SPACE WIRE
US tank battalion rolls deep into Baghdad: commander
SADDAM INTERNATIONAL AIRPORT, Baghdad (AFP) Apr 05, 2003
Some 30 US tanks rolled deep into Baghdad early Saturday, marking a new step in the advance on Iraqi President Saddam Hussein's seat of power, a commander said.

Colonel Will Grimsley said the tank battalion task force from the 3rd Infantry Division punched their way toward the heart of Baghdad on a road leading from the capital's main airport, 20 kilometers (12 miles) to the southwest.

Grimsley, commander of the division's First Brigade, said the raid was a show of force a day after US forces seized control of most of the airport as a key prize in their 16-day-old campaign.

"It's called 'let me poke you in the eye because we can and you can't do anything about it'," the colonel said, adding that the move "started at first light."

Grimsley said elements of the division's Second Brigade had come under rifle fire and attack by rocket-propelled grenades (RPGs) as they moved on the heart of Baghdad.

A US tank commander was shot and killed and two other soldiers were wounded in the drive through the center of Baghdad, an infantry officer said.

"We had one KIA (killed in action)," Colonel David Perkins, commander of the 2nd Brigade of the 3rd Infantry Division, told AFP.

Asked how he was killed, Perkins said the commander had sustained a "head wound."

The second soldier had suffered chest wounds while the third had been shot in the shoulder, Perkins added.

At the US military's forward command headquarters near Doha, Qatar Navy Captain Frank Thorp signalled that US infantry troops were likely to hold their positions in the middle of the city.

"This wasn't a patrol -- go in and come out," he said.

"This is part of the (US Army's) Fifth Corps moving into the city.

"We've moved pretty much into the middle of the city. What we have are elements of the Fifth Corps who moved up from Karbala a couple of days ago and have been south of the city and have now moved up into the city."

He said "significant numbers" of US forces were taking part in the operation and had encountered "sporadic resistance" from what he described as remnants of the Al-Nida and Baghdad Divisions of the elite Republican Guard Corps.

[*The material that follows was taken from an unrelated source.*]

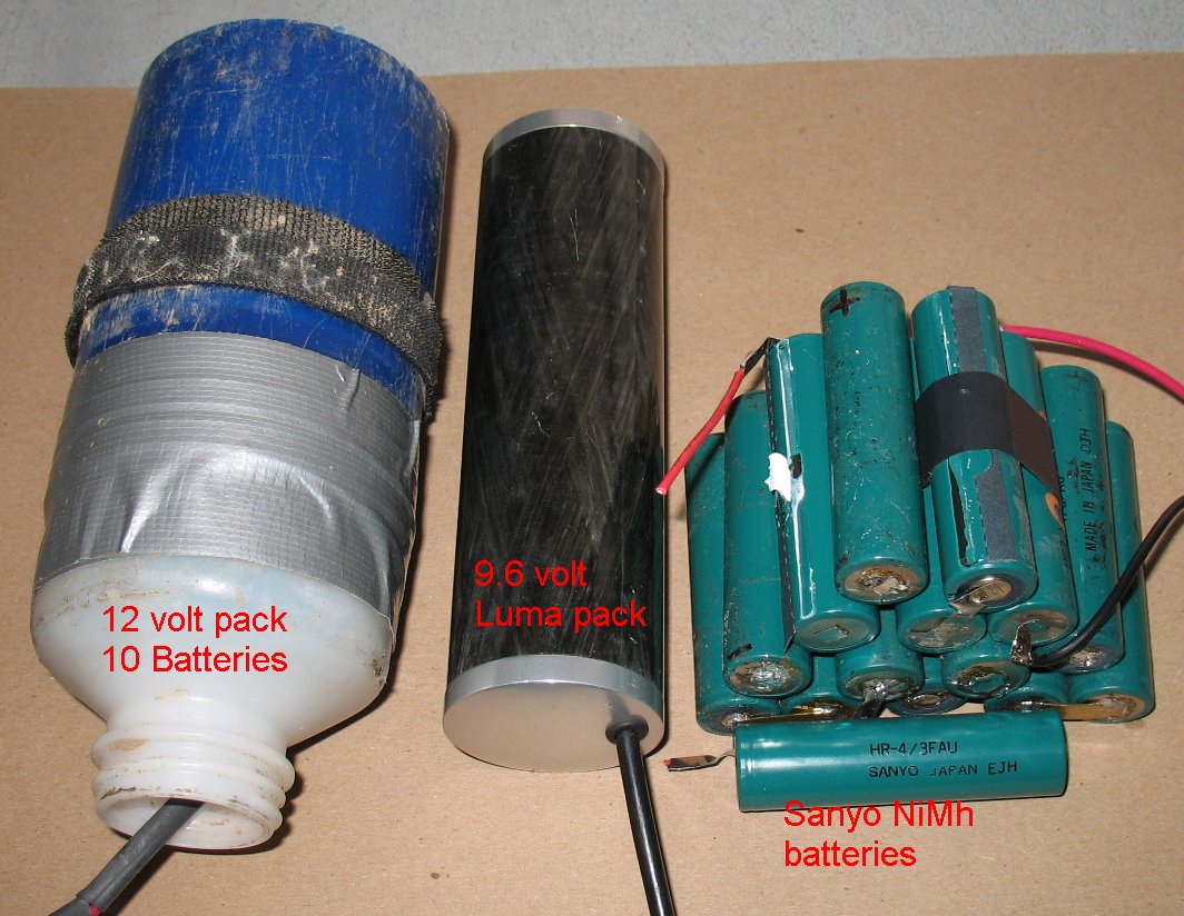 The middle pack is a 9.6v NiMh pack for my Lume HID
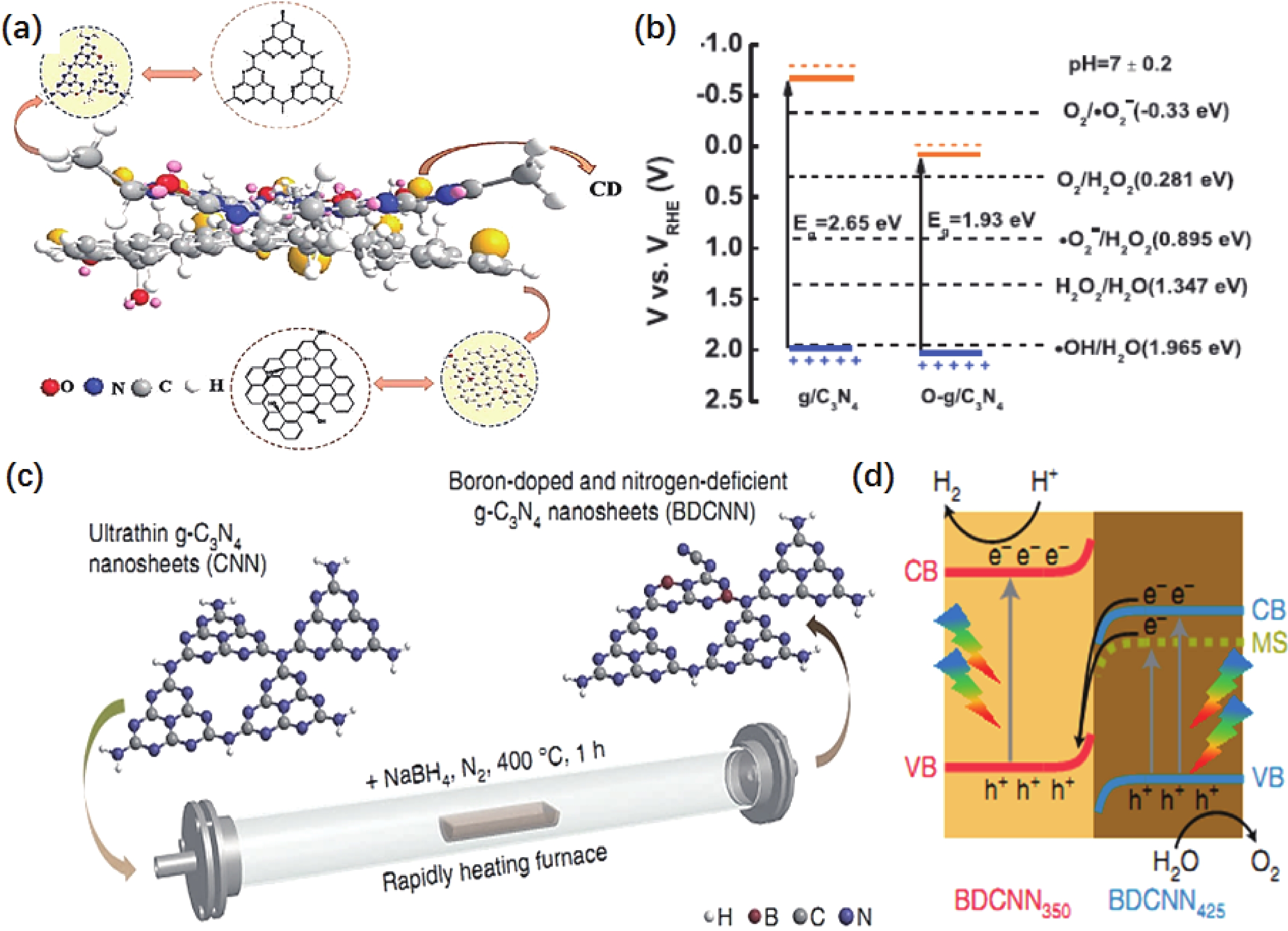 The utilization of solar energy to drive energy conversion and simultaneously realize pollutant degradation via photocatalysis is one of most promising strategies to resolve the global energy and environment issues. During the past decade, graphite carbon nitride (g-C3N4) has attracted dramatically growing attention for solar energy conversion due to its excellent physicochemical properties as a photocatalyst. However, its practical application is still impeded by several limitations and shortcomings, such as high recombination rate of charge carriers, low visible-light absorption, etc. As an effective solution, the electronic structure tuning of g-C3N4 has been widely adopted. In this context, firstly, the paper critically focuses on the different strategies of electronic structure tuning of g-C3N4 like vacancy modification, doping, crystallinity modulation and synthesis of a new molecular structure. And the recent progress is reviewed. Finally, the challenges and future trends are summarized.

"It was done in a deliberate way," Thorp said. "When we had the opportunity we took it and moved forward into the middle of the city."

US forces took control of the airport on Friday -- renaming it Baghdad International Airport.

Lieutenant Colonel Scott Rutter, commander of the 2-7 Infantry Battalion of the 1st Brigade, said that clashes with Iraqi troops continued around the airport late into Friday.

"Between 100-120 enemy" fighters had been killed by his battalion in clashes on Friday afternoon and evening after they launched a counter-offensive, said Rutter.

Six Iraqi T-72 tanks had been destroyed in the exchanges by a combination of javelin laser-guided missiles and other conventional anti-tank weaponry around the sprawling airport complex, he added.

They also destroyed five Iraqi armoured personnel carriers and "teams" of Iraqis firing RPGs.